Impala Limitations

What Impala Does Not Provide

Impala does not replace Hive or other frameworks built on MapReduce for long-running batch-oriented queries.

Impala is not fit as a query layer to support operational/OLTP applications (No update/deletes, not optimized for point look-ups).

Known Limitations in Impala

Impala has the following known limitations:

  • Issuing the DROP TABLE statement on an Impala table that maps to an HBase or MapR-DB table does not remove the underlying table in HBase or MapR-DB. However, if Hive is integrated with HBase or MapR-DB, the Hive DROP TABLE statement removes the table.
  • The LOAD DATA statement does not work when the source directory and destination table are in different encryption zones.
  • The Impala configuration option, --disk_spill_encryption, is not supported to secure sensitive data from being observed or tampered with when temporarily stored on disk.
  • Redaction of sensitive data from Impala log files is not supported.
  • You cannot use the lineage information feature to track who has accessed data through Impala SQL statements.

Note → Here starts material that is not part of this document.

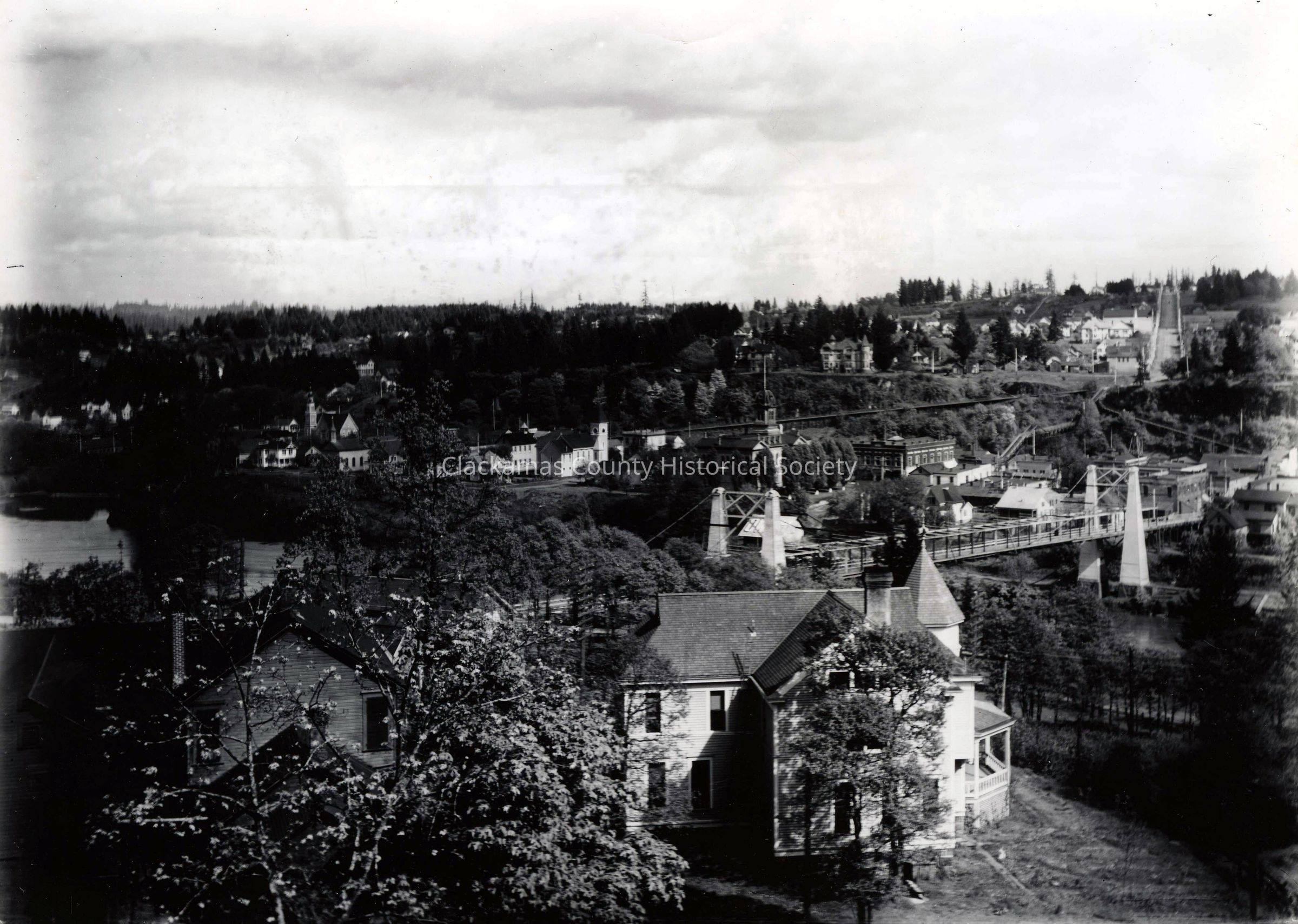 Moffatt Residence, Willamette Falls Drive, West Linn. The suspension bridge and Oregon City are in the background.Made/Created
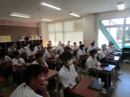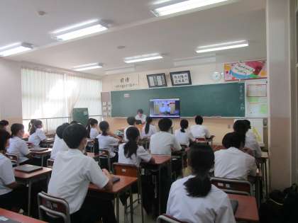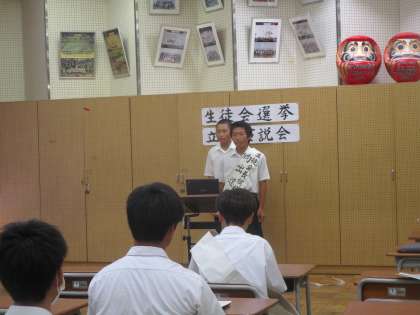 各教室のテレビでリモートで、推薦者の演説、立候補者の演説を全校生徒が聴きました。

Impala UDFs (user-defined functions) have the following known limitations:

  • Impala does not work with UDFs that accept or return composite, nested, or types not available in Impala tables.
  • UDFs must produce the same output each time the same argument value is passed.
  • UDFs cannot spawn other threads or processes.
  • Prior to Impala 2.5.0, UDFs become undefined when you restart the catalog service. You must reload the UDFs.
  • You currently cannot include user-defined table functions in Impala queries.